Ampligen is a drug that may, if sanctioned by the FDA, end up being the first drug approved for the treatment of chronic fatigue syndrome. Ampligen was created in 1970 by Hemispherx Biopharma and since then has had a long a difficult struggle to receive approval and prove that it is a legitimate treatment for CFS. There have been subjects of clinical trials that believe Ampligen cured or made them significantly better. (Mary Schweitzer) But, there have also been detractors of Ampligen (Manuel Asensio),that have even been brought to court over alleged demafatory statements made about Ampligen’s lack of effectiveness.
When ampligen was first created in 1970 it was found to slow down the growth of tumors and increase the release of interferons. It may have been intended at the time for the treatment of cancers and later HIV. But, clinical trials for Ampligen’s treatment of CFS were started in 1988. The drug was made available in Canada and Belgium under emergency drug release programs for Chronic Fatigue Syndrome and HIV in 1996.

How the drug works is not fully inderstood. Scientists believe that its effects lie in how it affects to enzymes 2-5 Synthetase/RNaseL pathway. There are doctors like Paul Cheney that believe that the RNase L activity is triggered by a viral infection, and increased RNase L activity could be a possible trigger for onset of CFS. The upregulation of these pathways may lead to decreased ability for the body to destroy viruses and viral RNA.

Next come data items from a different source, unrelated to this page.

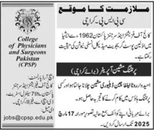 Vacant posts including printing machine operator are announced in College of Physicians and Surgeons Pakistan D.H.A Karachi, karachi Sindh Pakistan as per 2 March 2025 advertisement in daily Jang Newspaper. Persons with Intermediate etc. education can apply.
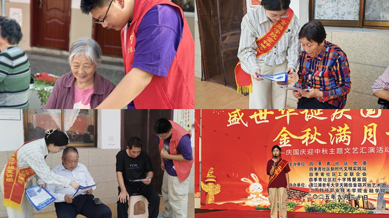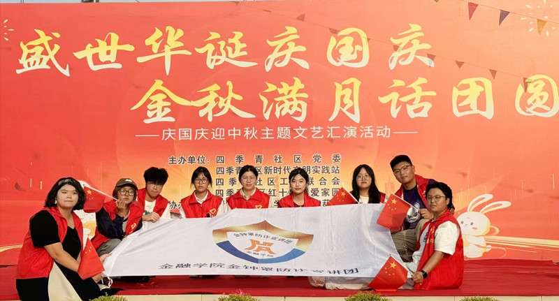 为落实学校“五育并举,融合育人”工作体系建设,弘扬“尊老、敬老、爱老、助老”传统美德并筑牢社区老人群体防诈防线。在中秋国庆双节临近之际,我校金融学院联合四季青社区、清江浦老年大学葫芦丝艺术团,于9月30日以文艺汇演与互动宣讲形式,开展“盛世华诞庆国庆,金秋满月话团圆”敬老防骗活动。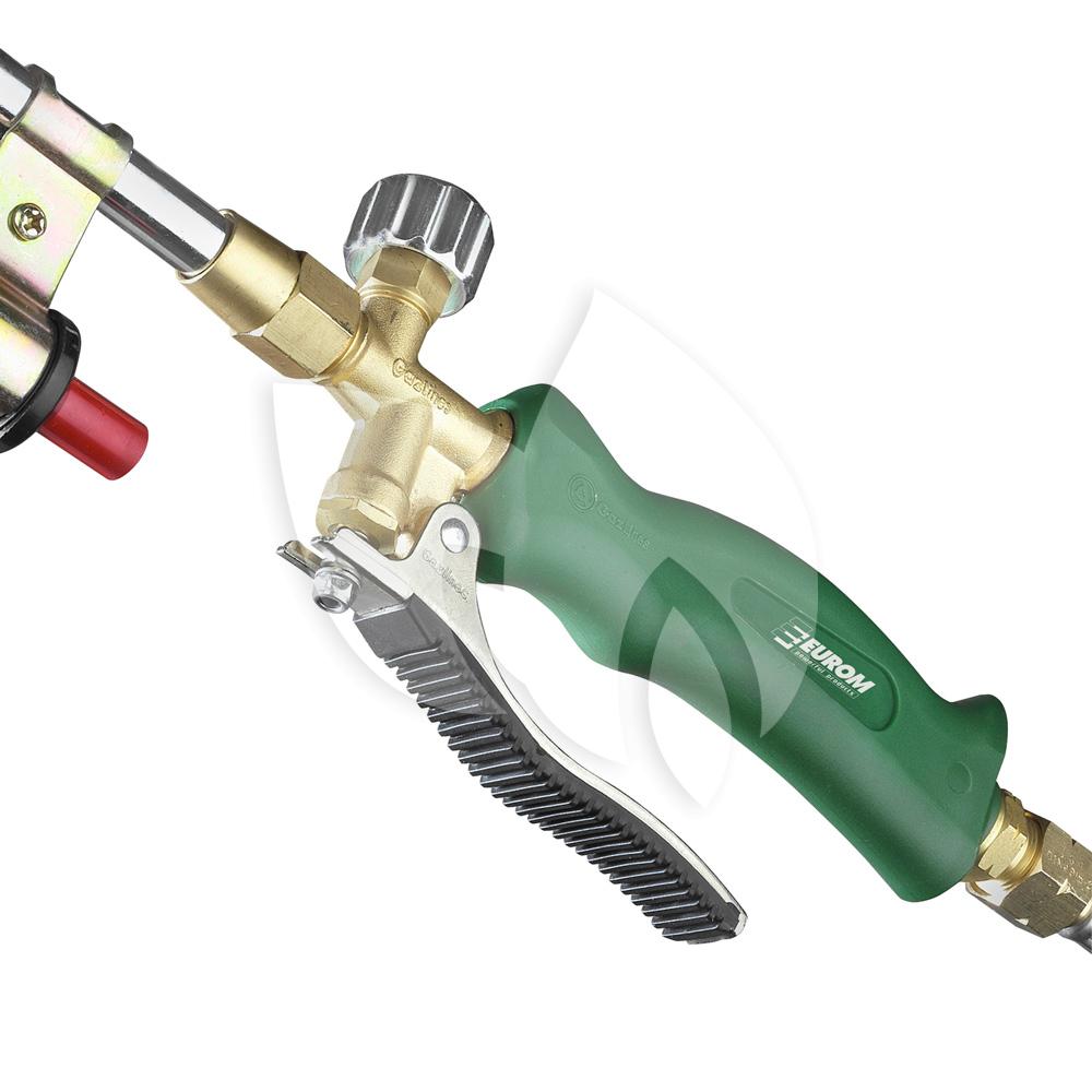 De onkruidbrander van Eurom werkt op propaan en butaan en dient te worden aangesloten op een reguliere 11 kg gasfles. De onkruidbrander van Eurom is eenvoudig in gebruik. U opent de gaskraan, activeert de ontsteking door middel van een knop en u kunt beginnen met het verwijderen van uw onkruid! Bij de onkruidverbrander wordt een drukregelaar van 2.5 bar geleverd.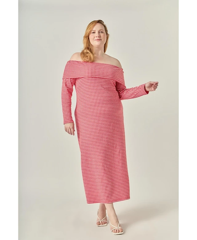 English Factory Women's Gingham Off The Shoulder Midi Dress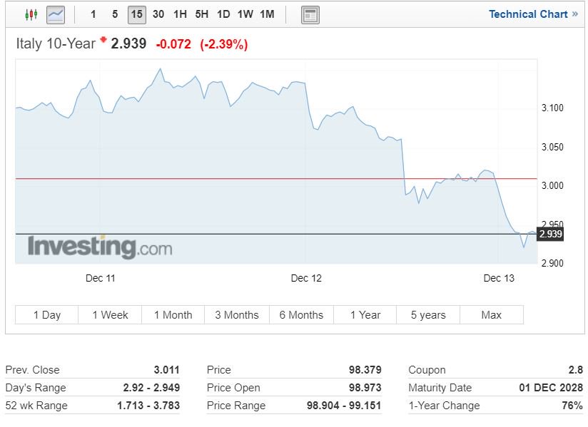 Οι αποδόσεις των βραχυπρόθεσμων ιταλικών ομολόγων σημείωσαν πτώση 12 μονάδων βάσης στο 0,47%, σε χαμηλό εξαμήνου, και κάτω από τα επίπεδα της 29ης Μαΐου, η οποία ήταν η χειρότερη ημέρα για τους διετείς ιταλικούς τίτλους εδώ και 25 χρόνια.

In April of 2007, Hemispherx came out with a statement saying that they believed they now understood the mechanism of action. They believe it to be through receptors in the body called TLR - 3’s. These naturally occuring receptors in the body, are used to detect pathogens and may increase the body’s response to infectious agents. Ampligen may work and these receptors to increase a patients stifled immune response.
The last phase of the clinical trials for ampligen were completed in 2004. After 3 long years of missed deadlines, the NDA or “New Drug Application” was filed on October 11 2007. Many Chronic Fatigue Syndrome patients are hopeful, but still unsure if the drug will be approved or if it will be effective.

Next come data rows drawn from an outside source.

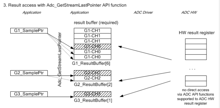 调用Adc_GetStreamLastPointer来访问结果缓冲区中最新转换轮的结果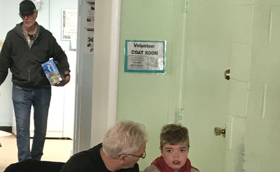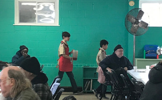 Scouts at a local Food Bank in November 2019. They served food and help clean the center's school rooms.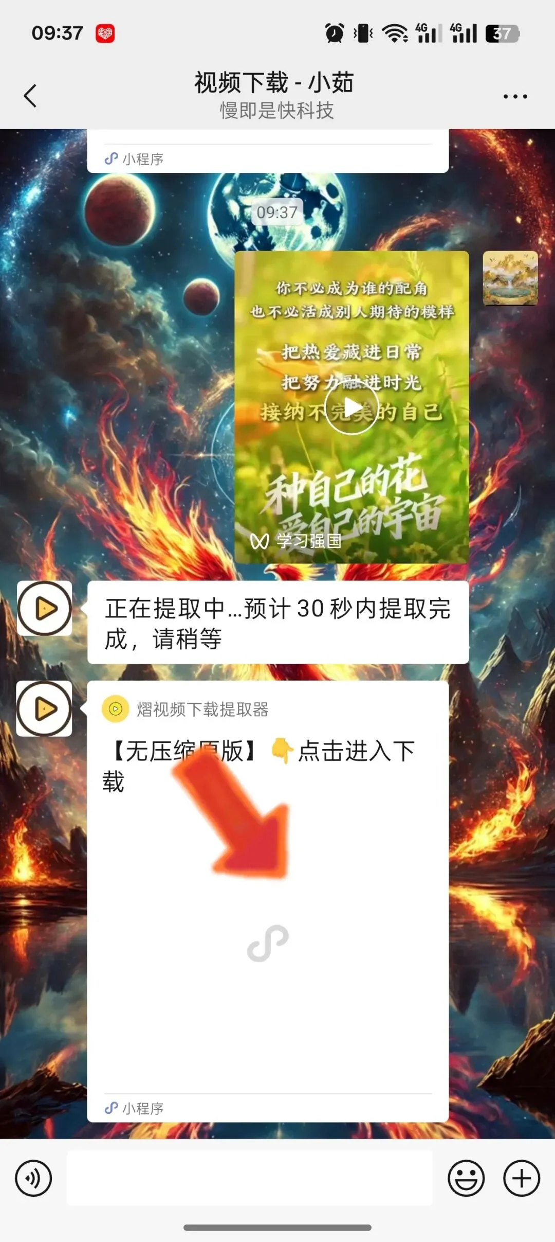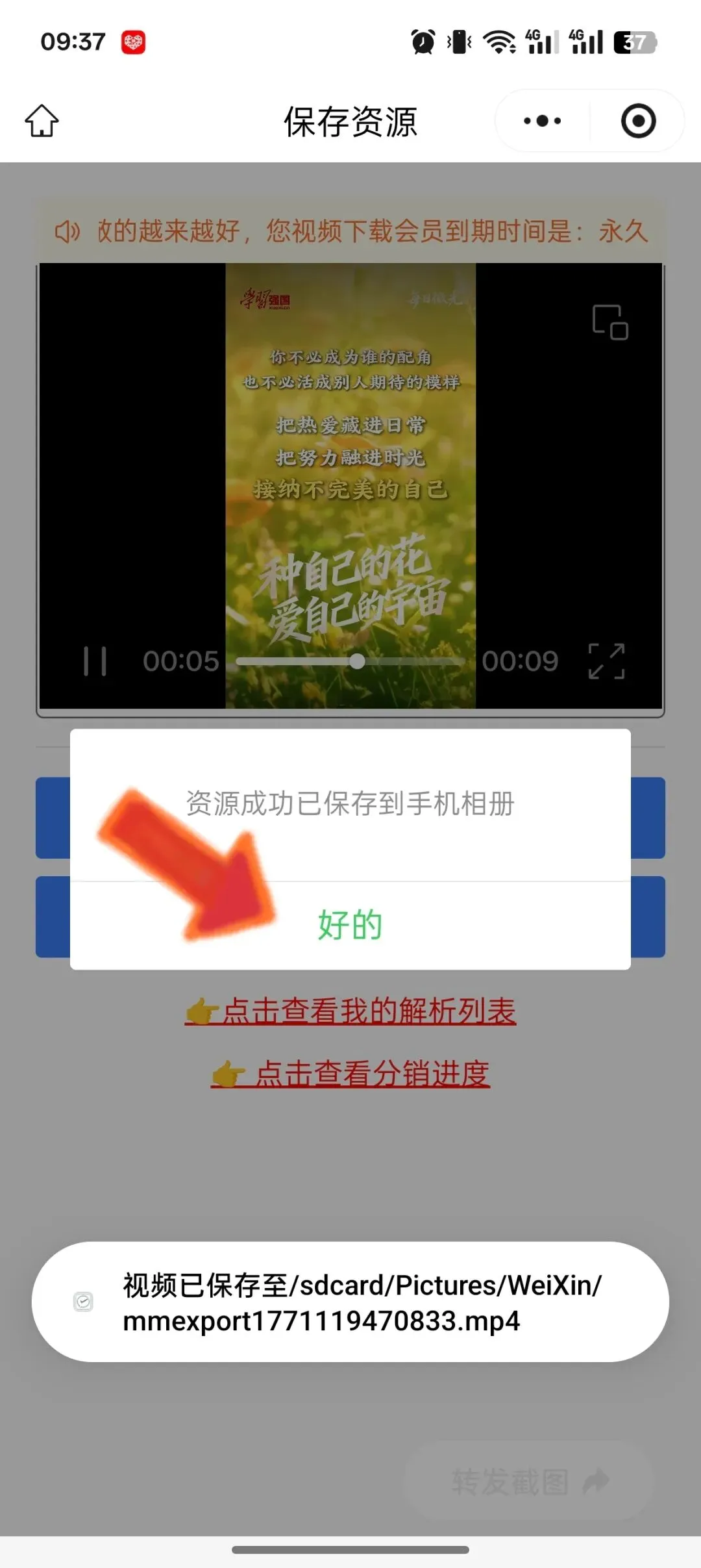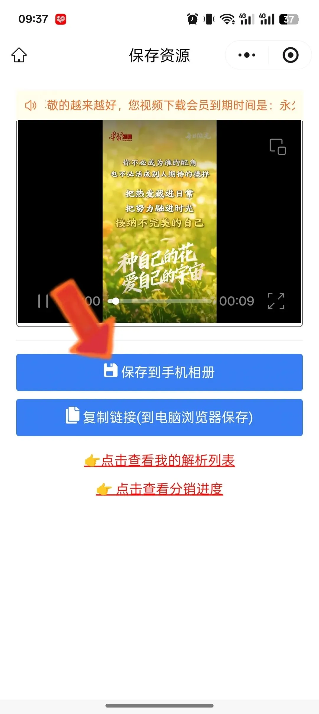 4一键下载.:点击进入小程序,即可一键下载视频到手机相册。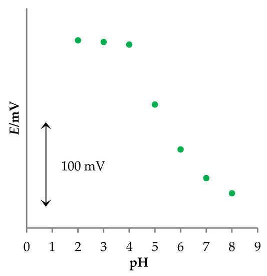 TBZ is slightly soluble in water. Its solubility increases in acidic media; thus, it was important to investigate the influence of pH on the sensor response. For that purpose, TBZ solution (c = 2.0 × 10−3 M) was used. The results are presented in Figure 4.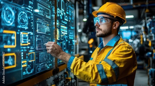 A technician securing industrial systems with automated cybersecurity tools

Here are the steps the FDA will take after Ampligen’s NDA has been submitted:

1. The Drug Manufacturer Submits of a New Drug Application, this is the first step that asks the FDA to consider approval.
2. The FDA will take up to 60 days to whether to file and send the application to be revewed.
3. If they decide to file the NDA, a group from the FDA is formed to review the drugs effectiveness and possible safety concerns.
4. The group reviews the drugs informational labeling and decides if it is adequate.
5. The FDA review group tours and inspects where the new drug is manufactured and bottled.
6. The group submits the review as approvable or not approvable.

There is still a little before Chronic Fatigue Syndrome Patients will their chance to decide whether Ampligen will be a beneficial. But if i read everything correctly, it seems like it may be within a year(hopefully). But, even if the drug does only give modest improvements, that fact that an FDA approved drug can treat CFS patients, legitamizes the disease itself.